This invention pertains to neural network technology, and more specifically, to a novel neural network system and method for scheduling manufacturing resources in a dynamic factory floor environment. Factory floor scheduling involves building a schedule by assigning manufacturing resources (i.e. start and end times and machines) to each operation of a work order (also known as production, job, or manufacturing orders) which is subjected to a set of production constraints (e.g. resource requirements, quality standards, priority of customer, etc.). FIG. 1 shows, in block diagram form, key concepts concerning factory floor scheduling process. Referring now to FIG. 1, work orders 810 which represent demands from customers together with production constraints 850 such as machine workload and performance goals, etc. are input to drive scheduling process 800 to produce a feasible factory floor schedule 860.
FIG. 2 shows a screen of the data which work order 810 may contain. Typically these data are entered by a production planner into a database. Data related to work order 810 can then be retrieved from the database for use by scheduling process 800. An example of these related data is depicted in the example of a Part Data Screen, as shown in FIG. 3. Given part number 910 from work order 810, data relevant to part number 910, such as family group it belongs to, standard lot size, run hours, tooling required, etc., are then retrieved from the database and used in scheduling process 800 (FIG. 1). The output of scheduling process 800 is a factory floor schedule 860 which is normally represented in the form of a Gantt chart. An example of such a Gantt chart is shown in FIG. 4. It is to be understood that FIGS. 2, 3, and 4 are merely examples for purposes of illustration.

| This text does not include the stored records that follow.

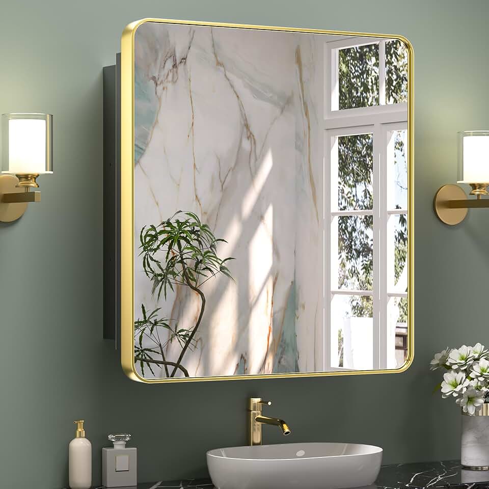 30 x 32 Inch Medicine Cabinets for Bathroom with Mirror Adjustable Shelves Stainless Steel Framed Single Door Modern Farmhouse Metal Recessed Wall Mounted Gold Bathroom Storage Cabinets
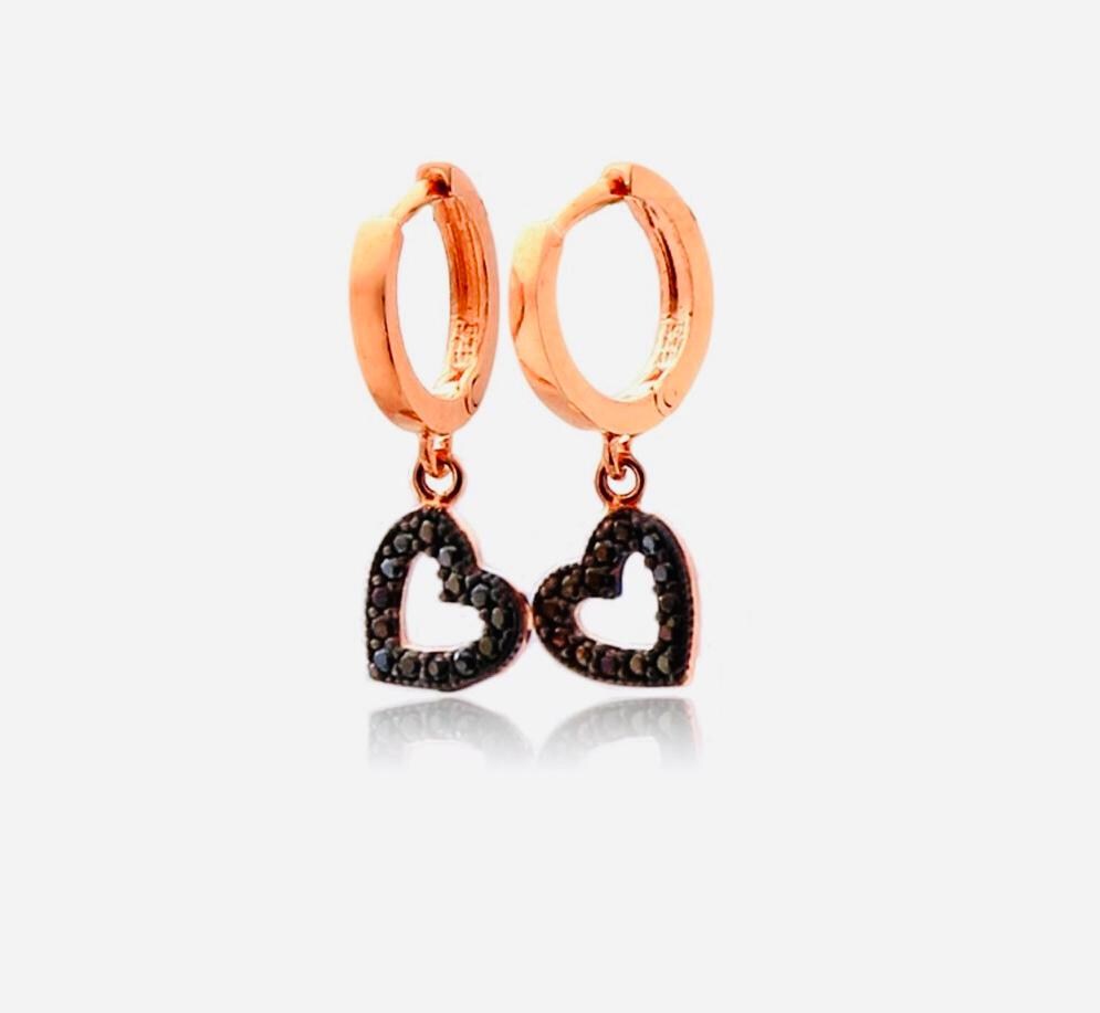 Description: These elegant heart-shaped earrings, crafted from 925 sterling silver and adorned with black zircon stones, symbolize love and elegance. Perfect for both everyday wear and special occasions. A meaningful gift choice for someone you love.
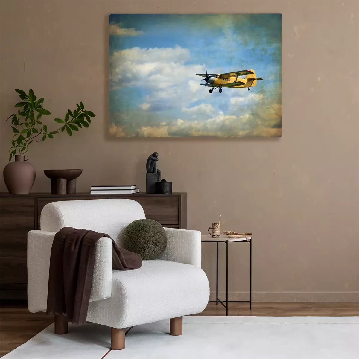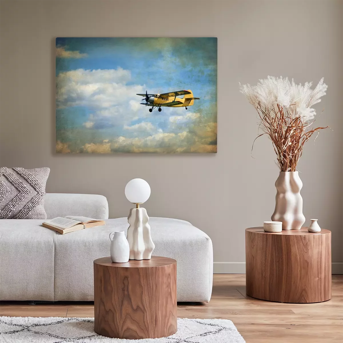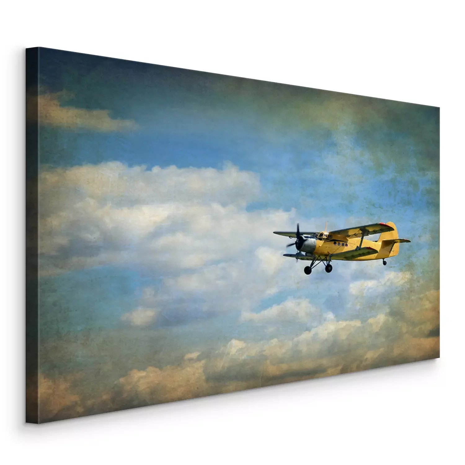 Canvas Oud vliegende tweedekker, retro luchtvaart achtergrond
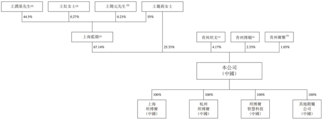 坦博尔有着浓厚的家族创业底色。招股书显示,公司由王勇萍创立,现由其配偶王丽莉及其子王润基通过一系列持股平台,共同控制着公司约96.64%的投票权。
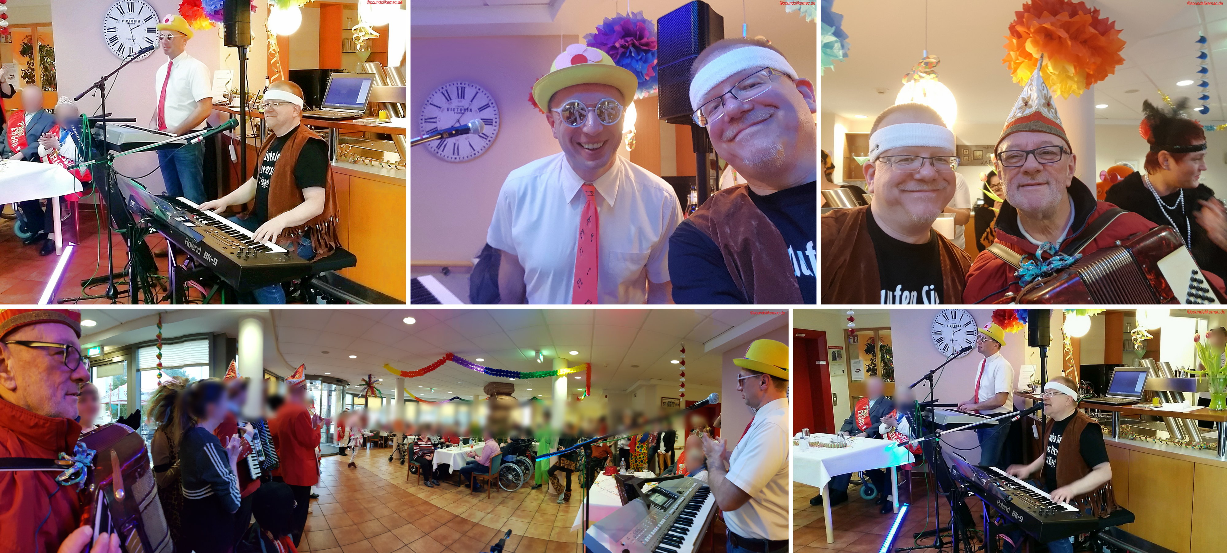 Es kam nämlich so, dass plötzlich eine Oberabordnung der „Grad ze laed’s“ in der Tür stand um mit ihrem Akkordeonspieler ebenfalls ein wenig Faasend in die Seniorenresidenz zu tragen. Dieser entpuppte sich unverhofft als mein alter NOUS-Mitstreiter Karl, der über meine Anwesenheit gleichermaßen überrascht war. So kam es zu einem kurzen Gastspiel und der Veranstalter hatte am Ende statt des Alleinunterhalters gleich 3 Musiker am Start, denn der gute Patrick von Tinitus wollte mich an diesem Tag auch nicht alleine auf die Menschheit loslassen…
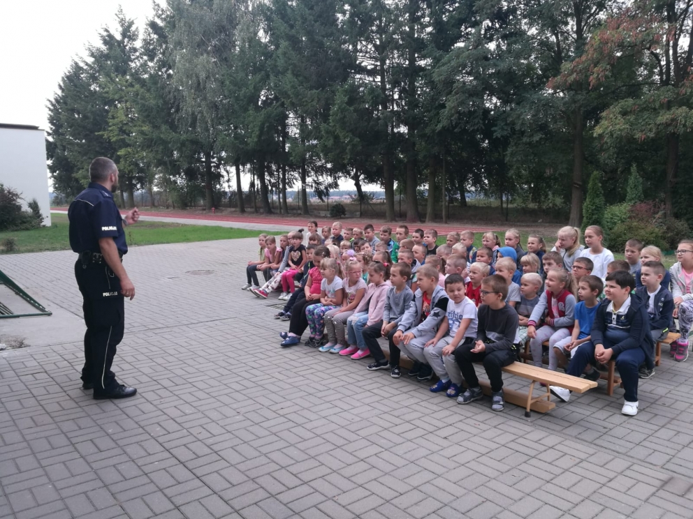 11 września uczniowie klas młodszych uczestniczyli w spotkaniu z policjantem. Tematem pogadanki była „Bezpieczna droga do szkoły”. Funkcjonariusz przypomniał zasady bezpiecznego poruszania się po drodze, zachęcał do wyposażenia ubiorów i plecaków w elementy odblaskowe. Przestrzegał najmłodszych przed zabawami w pobliżu jezdni. Uczniowie aktywnie uczestniczyli w spotkaniu, zadawali wiele pytań dotyczących bezpieczeństwa. Wykazywali się też dobrą znajomością znaków drogowych i zasad przechodzenia przez ulicę. Ponadto policjant omówił zasady bezpieczeństwa w stosunku do groźnego psa oraz tematy związane z prewencją zachowań ryzykownych jak rozmowa z nieznajomym i tym podobne. Takie spotkania odbywają się w naszej szkole od wielu lat i przynoszą dobre efekty. Liczymy, że i tym razem wiedza teoretyczna znajdzie zastosowanie w praktyce.

For the past three decades, numerous methods such as MRP II 830 (for example, refer to Kanet, "MRP 96: Time to Rethink Manufacturing Logistics", Production and Inventory Management journal, 2nd Quarter, 1988), and simulation 840 (for example, refer to MacFarland, "Shop Floor Scheduling and Control Using Simulation Technology," Integrated Manufacturing, May 1990) as as shown in FIG. 1 have been developed to tackle scheduling problems on the factory floor. However, most of these prior art methods are not designed for scheduling in a dynamic factory floor environment. In reality, all factory floors are dynamic. This is because there are just too many variables and factors both on the factory floor and from marketing for a production schedule to be valid for an entire day or even a single shift. For example, machine breakdown, operator and tooling availability, and changes in the demand and order requirements all contribute to scheduling and factory floor problems. Because a schedule is generated as a plan to utilize given resources, conflicts result when resource changes occur. Therefore a good factory floor scheduling system must be able to adjust the schedule to accommodate unexpected situations, changes in order requirements, and other environmental conditions. MRP II 830 systems as shown in FIG. 1 are the most popular production scheduling tools for multi-product, small lot size job shop production environment. Despite its popularity, the MRP II 830 system has not been widely used as a scheduling tool in the dynamic factory floor due to its many deficiencies.
Other approaches to dynamic factory floor scheduling tend to be too rigid and too complicated to be applicable in a reallife scheduling environment. Simulation 140 technique as shown in FIG. 1, for example, require accurate problem formulation to make a sharp distinction between constraints (which must be satisfied) and costs. A solution which achieves a very low cost but violates one or two constraints is simply not allowed. In a real-life scheduling environment, it is usually preferable to schedule work orders with the same part number together so that the number of machine setups can be reduced. But this is not an absolute constraint. It does not apply when a work order has different due date priority. These types of "soft" constraints are inherent in many scheduling environments and the optimal solution is the one which minimizes the total number violations of soft constraints.
Neural network technology is beginning to enjoy wide-spread popularity in recent years. Neural networks are mathematical models of human biological brain. They have powerful learning algorithms that allow an application system to learn from past examples. They also possess many unique and useful properties such as parallel processing, which offer a completely different computational paradigm as compared to other approaches. In the area of scheduling, several researchers have applied neural network technology to solve this type of problem. Most of these approaches typically attempt to solve scheduling problem of not more than ten work orders 810 by using an iterative improvement paradigm with a global objective function to be optimized to search for a near-optimal solution. Examples of such neural networks are simulated annealing or Gaussian machine (for example, please refer to Akiyama, et al., "The Gaussian Machine: A Stochastic Neural Network for Solving Assignment Problems," Journal of Neural Network Computing, Winter 1991). However these approaches suffer great limitation when facing real-life scheduling environment where at any time there can be as many as 300-500 existing and new work orders 810 to be scheduled.